▸ **EXERCISE PROMPT**
Your answer should give again, exactly, the lines from the beginning of the entries below through the line containing "[셀럽하우스]가디건 FRFD6097 니트 여름 얇은 린넨 겉옷 에어컨 브이넥". It must contain no pictures.

▼

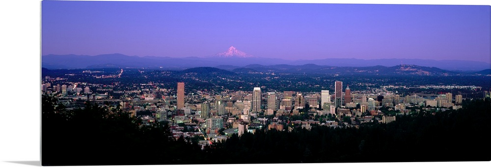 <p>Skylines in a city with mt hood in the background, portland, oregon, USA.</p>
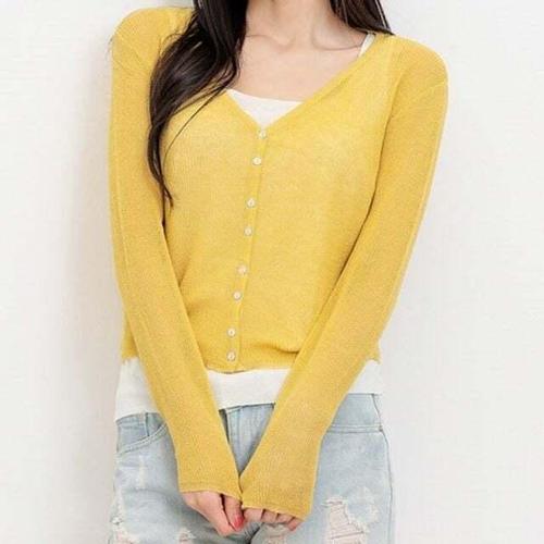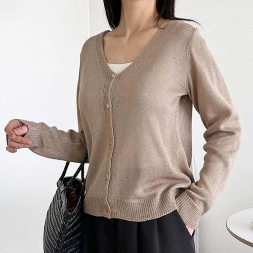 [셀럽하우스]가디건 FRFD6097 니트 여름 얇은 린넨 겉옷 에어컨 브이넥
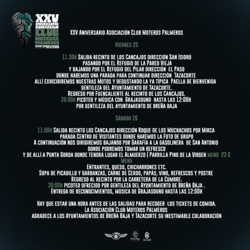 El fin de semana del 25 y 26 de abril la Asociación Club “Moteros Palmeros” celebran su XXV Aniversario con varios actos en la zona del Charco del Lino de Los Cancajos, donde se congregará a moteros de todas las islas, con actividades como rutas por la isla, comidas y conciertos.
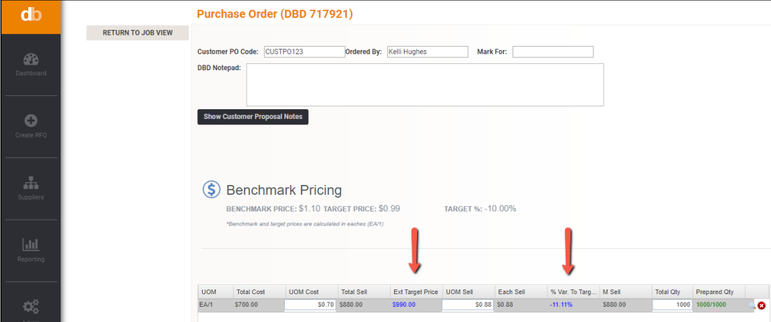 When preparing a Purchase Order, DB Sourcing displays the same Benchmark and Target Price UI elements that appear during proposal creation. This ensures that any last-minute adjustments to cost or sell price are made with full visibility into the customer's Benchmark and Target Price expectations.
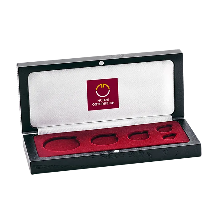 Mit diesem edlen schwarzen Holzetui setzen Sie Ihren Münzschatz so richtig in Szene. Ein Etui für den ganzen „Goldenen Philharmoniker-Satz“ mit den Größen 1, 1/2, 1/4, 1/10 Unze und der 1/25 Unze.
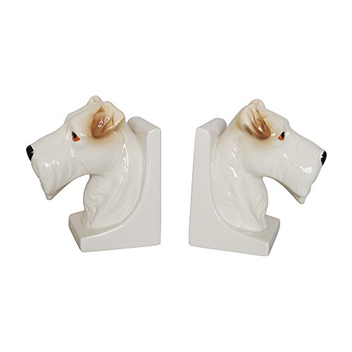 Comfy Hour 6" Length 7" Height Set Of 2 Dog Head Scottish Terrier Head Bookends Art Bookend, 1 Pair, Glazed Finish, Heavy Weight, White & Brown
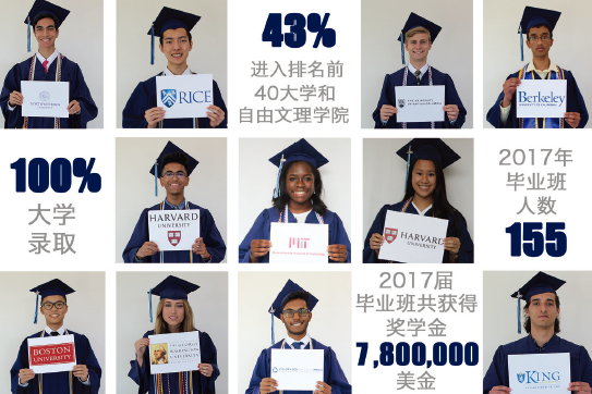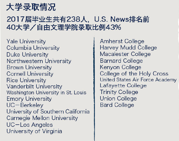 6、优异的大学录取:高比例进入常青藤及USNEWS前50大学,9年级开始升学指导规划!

▲

▸ **TASK SOLUTION**
 <p>Skylines in a city with mt hood in the background, portland, oregon, USA.</p>
 [셀럽하우스]가디건 FRFD6097 니트 여름 얇은 린넨 겉옷 에어컨 브이넥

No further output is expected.